City employees remain dedicated |

City employees remain dedicated

Bill Gieg

My name is Bill Gieg. Many of you know me from the 28-plus years my wife, Liz, and I have been part of this community. I have worked for the City of South Lake Tahoe for 17 years, and Harrah’s for 11 years. I coached baseball and soccer with many of your children over the years and directed a non-profit organization for the past 16 years (Church Family Missions). I have probably spoken at your church or social organization. My wife and I live in a two-bedroom home we purchased in 1985. I have two boys, 19 and 15. We take very few vacations and I drive an old truck that is the brunt of jokes at work. Like many of you it seems we are “always broke but never poor.”

Why am I telling you all this?

First to qualify myself as an example of the Tahoe middle class family with the same struggles as most of you, and secondly to let this preface my position as president of the South Lake Tahoe Employees Association. I have heard rumors and conjecture over the last couple weeks in regards to those I represent. And all of this is falsely creating some finger-pointing and whispers.

I represent about one-third of all city workers. They do not get the same attention as “Tahoe’s Finest,” but they are all around you keeping things going. They are the secretaries, the permit techs, the inspectors, the airport workers. They are the ones who keep the pool open for the kids and provide after-school programs. They assist and provide for the senior citizens at the senior center. They keep the ball fields open and provide a safe place for our children to play. They generate revenue for our great city by operating the golf course and campground. They are support workers at the police and fire stations. They are the mechanics who fix everything from a leaf blower to a motor grader. They work in purchasing, accounting and payroll. They maintain hundreds of miles of road and keep the roads clear so police cars and fire trucks can get to your home during an emergency. They answer the complaint calls and deal with building and permit issues. I could go on but basically they are the (blue collar) employees who are the foundation of the operation of the city. It is time that we respond to some of the questions now in the community.

“Are you guys on strike, and if not, what happened with snow removal on the New Year’s weekend?”

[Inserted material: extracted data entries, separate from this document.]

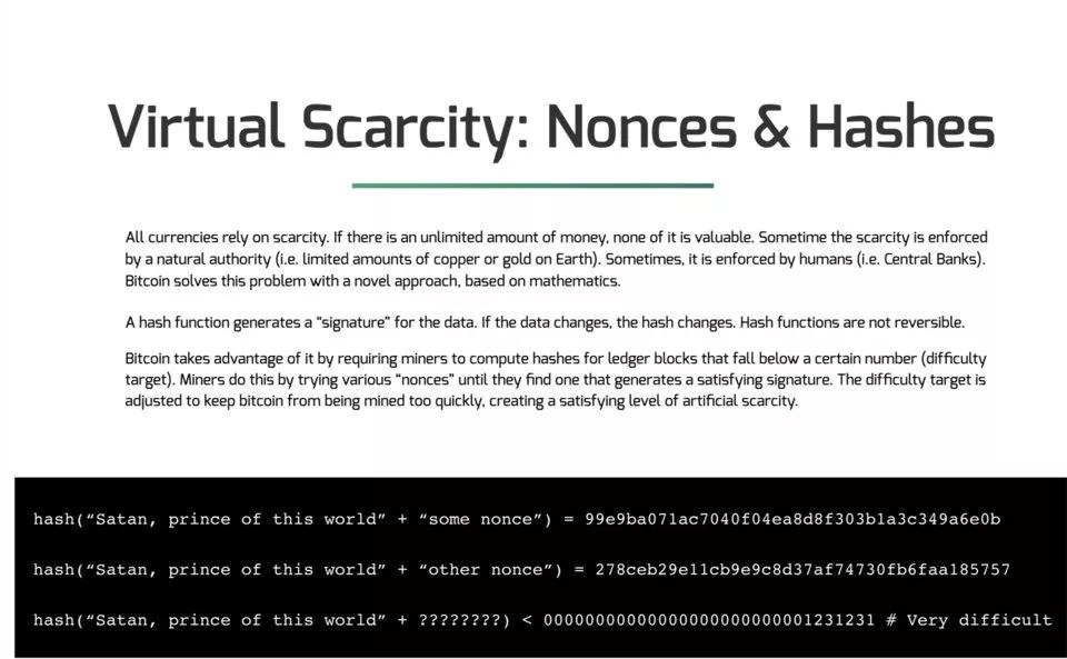 所有货币都依赖于稀缺性,如果无限供应,货币就失去了价值。有时候稀缺性由自然决定:地球上的黄金和铜的储量有限。有时候稀缺性是人为设置的,譬如各国央行。比特币用数学方式神奇的解决了这一问题。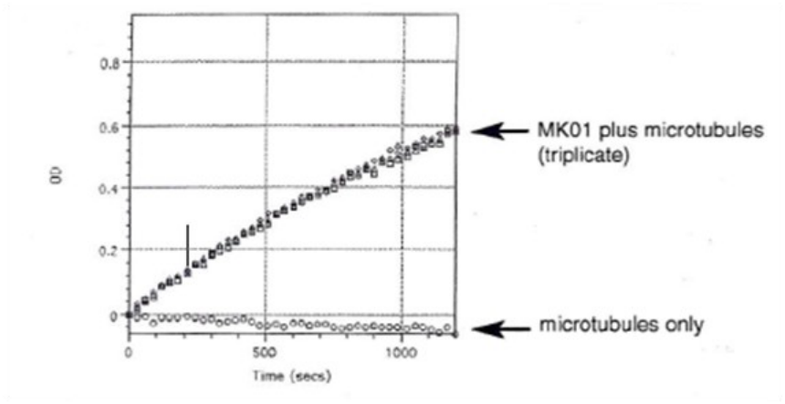 Protein purity is estimated by scanning densitometry of a coomassie-stained SDS-PAGE gradient gel. Figure 1 shows 10 μg of MK01 protein and purity was determined to be >80%. The total protein in each tube will therefore be approximately 20% greater than the amount shown on the tube. The major contaminant at approximately 30 kD is GST protein. The microtubuleactivated ATPase activity of the MCAK motor is not inhibited by this contaminant.
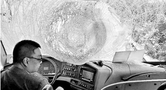 毫無征兆,一只輪胎突然飛來。只聽“砰”的一聲,大巴車的擋風(fēng)玻璃瞬間碎成蛛網(wǎng)狀,玻璃殘?jiān)w濺到駕駛員劉師傅和前排乘客身上。一兩秒鐘的時(shí)間,駕駛員的臉上、脖子受傷,全是血渣子。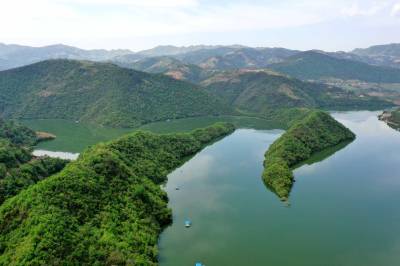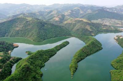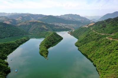 天子湖位于保康县寺坪镇西北部,流域范围包括大畈、七里扁、天子坪、台口等村,总库容2.69亿立方米,湖区水域8.25平方公里。天子湖由筑坝集水而成,水域湖岔纵横交错、水鸟相伴、游鱼相戏,主要航道曲折幽远,风光变化万千,良好的水域景观和原始的生态植被赋予了天子湖壮观迷人的自然韵味。

No, we are not on strike. It is true: we are in negotiations and have been for over a year. Months ago we addressed the City Council and asked that they get involved and participate in the solutions to issues yet to be resolved. This has built some frustration. Other units have closed their contracts, which include issues we have been denied. Although negotiations are protracted, we will continue to provide services to the people we value most, you the community.

Why would a plow driver retaliate or even care if a property tax initiative passes? His concerns are much simpler, “Does the machine run OK and is it safe?” If there is a problem with the machine, the mechanics fix it. End of that story.

Snow removal personnel have never been technically “on call.” We have always, as a courtesy, made ourselves available if a snow storm is imminent. If crew members have plans to leave on Friday, and it looks like snow, they put themselves on alert. If it was his child’s birthday, an anniversary, a vacation, or any other personal plans, he would sacrifice them when snow removal began. I know; I provide those support services. The weekend of the 31st was a unique situation. It had rained all weekend and was forecast to continue raining. A crew was working during the weekend on flooding problems. Another crew worked until 2 a.m. cleaning up the Stateline area. Monday the primary routes were plowed and the sanding truck kept trouble spots sanded. There was no time the public was at risk. This was the first winter holiday weekend in my memory that I had actually not been working. I assume others, including some drivers, thought the same as I did. Caltrans and the county often make the decision on Friday before the crew goes home to have staff in on Saturday or whenever the storm is forecast. This is great insurance for the community and could be part of a “contingency” plan to avoid this type of disruption in the future.

Let me close with a promise from all of us. We will continue to serve this fine city. We enjoy our work and serving you, our customers and fellow taxpayers. In the future, if it concerns us, ask us. If I don’t have an answer, I’ll find out for you. Write to P.O. Box 18010, South Lake Tahoe, 96151 or e-mail Please title them “citizen” so I don’t auto-delete.

– Gieg is president of the president of the City of South Lake Tahoe Employees Association, General and Public Works.